NAME
preProcessingRewriting - Perl script for rewriting the POS-tagged terms provided by TreeTagger.
SYNOPSIS
preProcessingRewriting [-help] [-man] [--configuration file] input_file output_file
OPTIONS
- --help, -h, -? brief help message
- --man, -m full documentation
- input_file, -i BioYaTeA input file in TreeTagger ouput format
- output_file, -o Rewriting output file (TreeTagger format)
DESCRIPTION
This script performs the pre-processing of the TreeTagger output in order to improve the extraction of both terms containing prepositional phrases (with TO and AT prepositions) and terms containing participles (past participles -ED and gerunds -ING).
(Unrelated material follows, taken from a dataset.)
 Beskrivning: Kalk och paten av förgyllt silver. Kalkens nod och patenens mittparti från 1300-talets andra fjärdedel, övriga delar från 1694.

Context-based rules are applied to the POS tags either to trigger the extraction of relevant structures or to prevent the extraction of irrelevant ones. The modified file becomes a new input file for BioYaTeA.
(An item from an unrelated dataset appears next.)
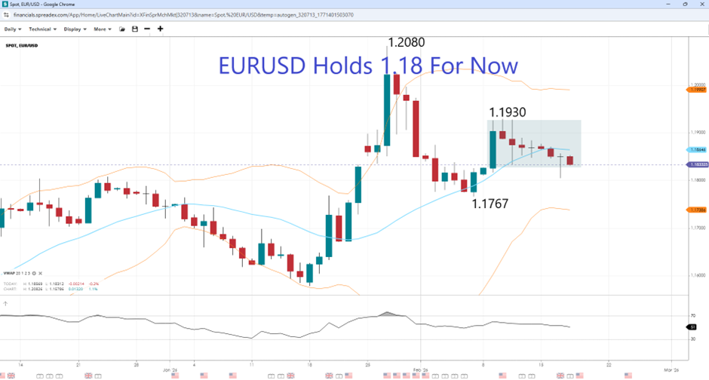 After the strong NFP figures from last week, dovish FOMC officials have pivoted to the components of the CPI, suggesting inflation will continue to fall. Service inflation, in particular, underperformed, as FOMC member Autan Goolsbee noted, saying there could be "several" rate cuts this year. Traders will also be looking at the minutes to better understand how the prospective appointment of Kevin Warsh as Fed Chair will affect the decision-making process and how well Powell's more hawkish tone reflects the board's sentiment. A more dovish read could weaken the dollar and push the EURUSD higher, while an emphasis by FOMC members on sticky inflation could be considered more hawkish and drag the currency pair lower.

Without specifying the input file, the input data are read on stdin. Without specifying the output file, the ouput data are print on stdout.
INPUT/OUTPUT FILE FORMATS
See Documentation in Lingua::YaTeA
EXAMPLES
preProcessingRewriting -i examples/sampleEN.ttg -o examples/sampleEN-prepro
preProcessingRewriting < examples/sampleEN.ttg > examples/sampleEN-prepro
SEE ALSO
Documentation of Lingua::BioYaTeA::PostProcessing, Lingua::BioYaTeA and Lingua::YaTeA
AUTHORS
Wiktoria Golik <wiktoria.golik@jouy.inra.fr>, Zorana Ratkovic <Zorana.Ratkovic@jouy.inra.fr>, Robert Bossy <Robert.Bossy@jouy.inra.fr>, Claire Nédellec <claire.nedellec@jouy.inra.fr>, Thierry Hamon <thierry.hamon@univ-paris13.fr>
LICENSE
Copyright (C) 2012 Wiktoria Golik, Zorana Ratkovic, Robert Bossy, Claire Nédellec and Thierry Hamon
This library is free software; you can redistribute it and/or modify it under the same terms as Perl itself, either Perl version 5.8.6 or, at your option, any later version of Perl 5 you may have available.